• PROBLEM DESCRIPTION: Pictures excluded, copy word for word the lines from the one holding "ALOEZ Hiasan Dinding" through the last line below.

• GIVEN MATERIAL:
......

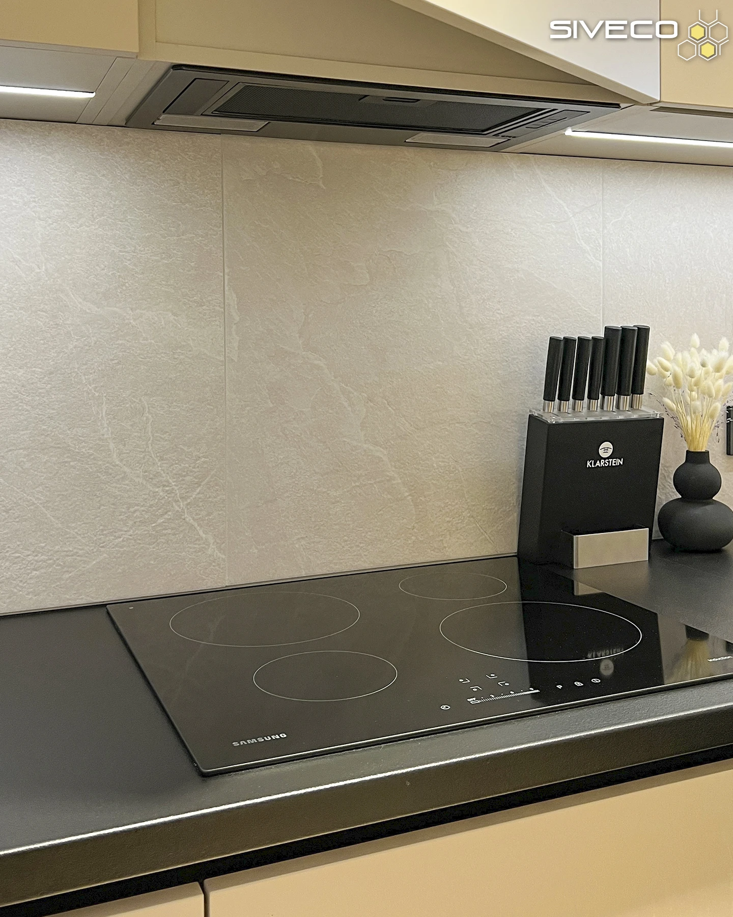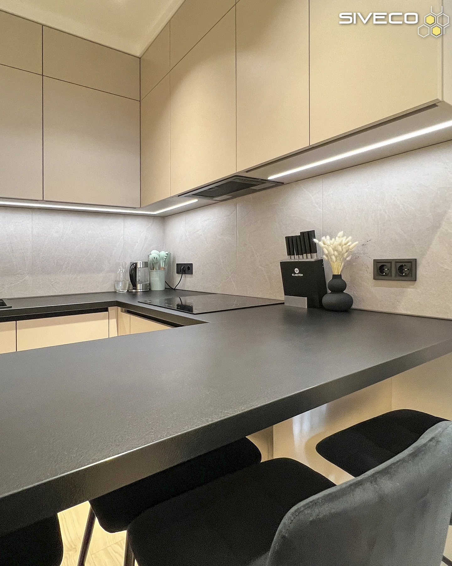 Таке рішення робить інтер'єр «м'яким» та домашнім. Але щоб кухня не виглядала надто простою, ми додали брутальних ноток: фартух з імітацією сірого каменю та тонку чорну стільницю, яка створює чіткий візуальний контур.
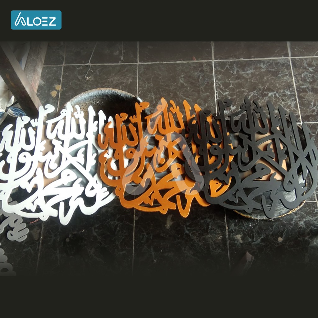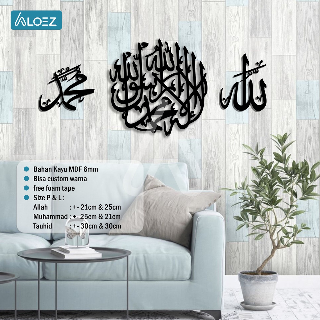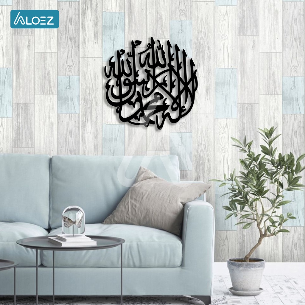 ALOEZ Hiasan Dinding Dekorasi Dinding Walldecor Dekorasi Rumah Pajangan Ukiran Tempel Murah Kaligrafi Tauhid Syahadat lailahaillallah Bulat Motif Lafadz Allah Muhammad AZ-UT001
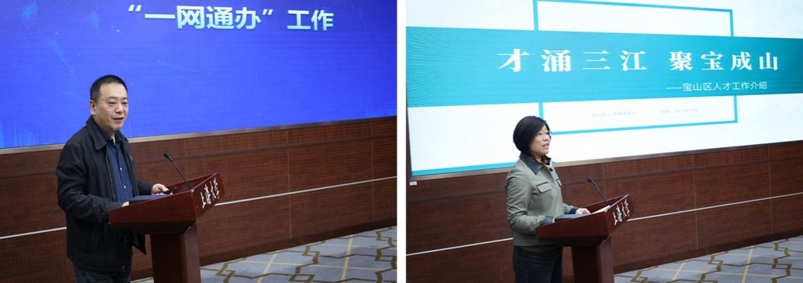 主旨发言阶段,王东分享了上海市“一网通办”的改革历程,介绍了“一网通办”如何以“业务流程革命性再造”为核心推进“一件事”改革以及“线上帮办”制度、服务“好差评”制度、“随申码”全方位应用等创新举措。钱建凤介绍了宝山区在人才工作上的重点举措和宝山科创人才港的建设,并着重探讨了宝山区与AC米兰官方网站在人才服务、学生就业等方面联动合作的新机制。

......

• SOLUTION FOR THIS PROBLEM:
 ALOEZ Hiasan Dinding Dekorasi Dinding Walldecor Dekorasi Rumah Pajangan Ukiran Tempel Murah Kaligrafi Tauhid Syahadat lailahaillallah Bulat Motif Lafadz Allah Muhammad AZ-UT001
 主旨发言阶段,王东分享了上海市“一网通办”的改革历程,介绍了“一网通办”如何以“业务流程革命性再造”为核心推进“一件事”改革以及“线上帮办”制度、服务“好差评”制度、“随申码”全方位应用等创新举措。钱建凤介绍了宝山区在人才工作上的重点举措和宝山科创人才港的建设,并着重探讨了宝山区与AC米兰官方网站在人才服务、学生就业等方面联动合作的新机制。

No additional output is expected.